I drew in the scent of currants, apples, and vanilla.
The smell of Bram.
It was him.
Not the dark entity from the hall.
Before I could utter a word, I was being spun around gently yet with a sense of urgency hanging in the air. Fear that wasn’t my own consumed me, confusing my senses, making them launch into overdrive.
The bombardment of emotion continued, leaving heat rushing through me and my knees giving out. One second I was upright and the next I knew, powerful arms were under me, catching me in mid-motion and lifting me as if I was light as a feather. I knew for a fact I was anything but.
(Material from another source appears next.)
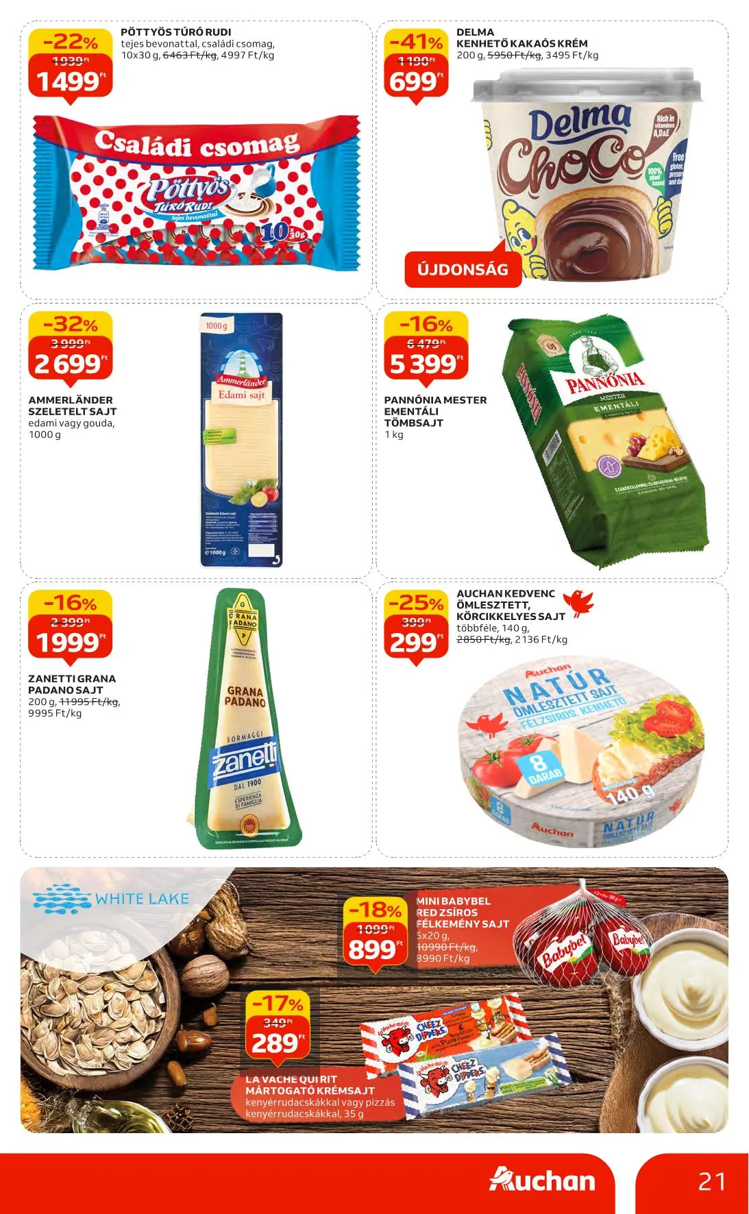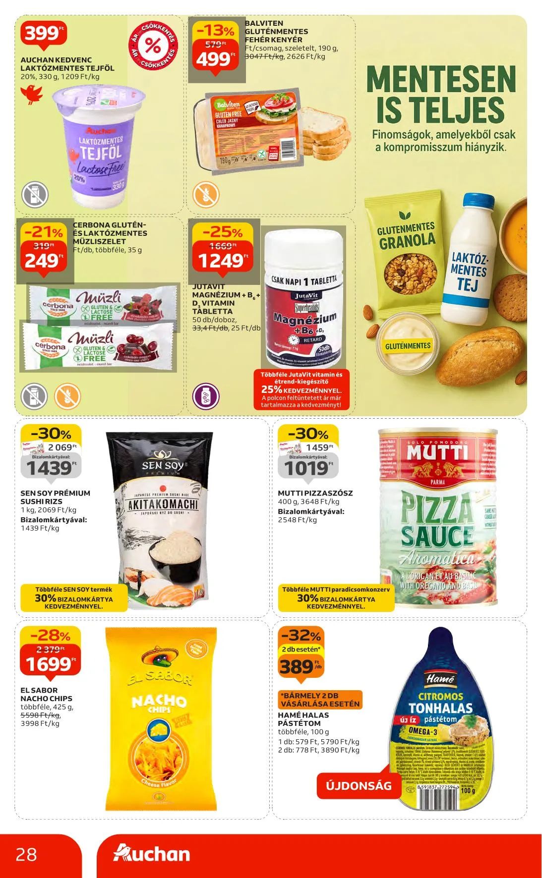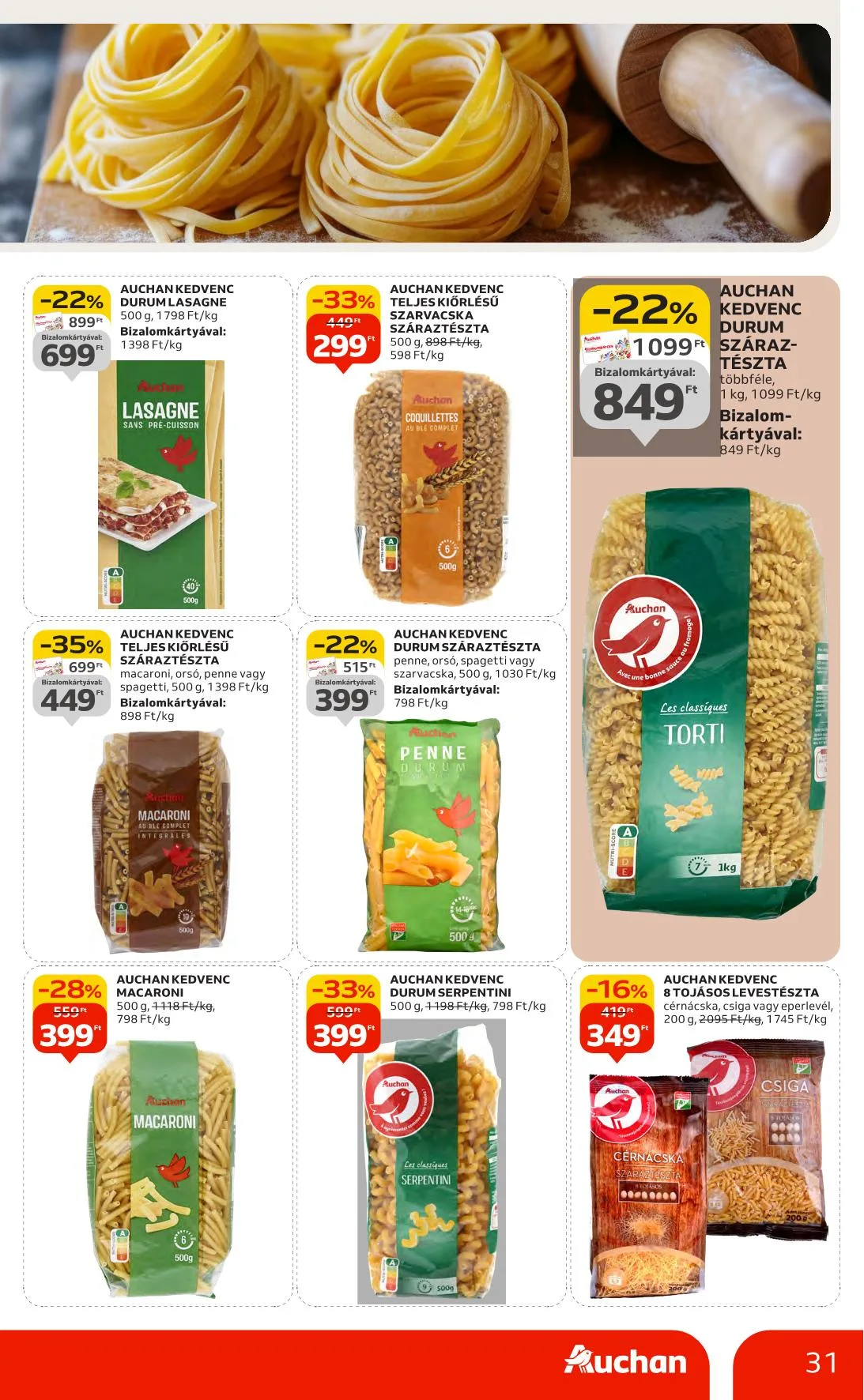 - -25% Auchan Kedvenc Bauletto toast szeletek: 599 Ft, 449 Ft, teljes kiőrlésű, fehér, durum vagy 8 gabonás, szeletelt, csomagolt, 400 g, 1498 Ft/kg, 1123 Ft/kg

I was vaguely aware of Bram talking to me, but I missed what he said. Everything around me swirled, and I grabbed for whatever I could to help ground myself. My hands connected with the soft material of his shirt that did nothing to hide the chiseled form beneath it.
“Where are you injured?” he asked, his accented voice sliding over me like silk.
As my brain struggled to help my body navigate its way through the emotion-chummed waters surrounding it, I caught a flash of movement out of the corner of my eye.
At first, I thought it might be the creepy thing from the hallway. When I saw a bushy tail, I knew better. Burgess darted into the vault, and the door slammed shut behind him. He did a flying leap onto the table behind me. He scored a direct hit to the scrapbook I’d been lost in, before he jumped off the table and hurried away.
Worried that he might have damaged the book, I reached for it with no genuine success from my spot in Bram’s arms. All I managed to do was brush it with my fingertips.
Bram jerked me tighter to him, still holding me off the ground. “Leave it.”
“But he might have torn the pages, or—”
“It is unimportant.” His green gaze bore straight into me. I realized then that his eyes had flecks of black in them now. Had they been there before?
Since the scrapbook contained information about his past and his connection to Jack, I begged to differ.
It was anything but unimportant.
It had a great deal of value. In addition, Bram held answers to so many questions I wasn’t sure where to start. Emotions that weren’t my own kept beating at my natural psychic defenses, making forty years of hard-fought control seem as if it had been nothing but a colossal waste of time. Those feelings merged with my own, leaving me drowning in a swirling sea of fear, concern, confusion, and desire.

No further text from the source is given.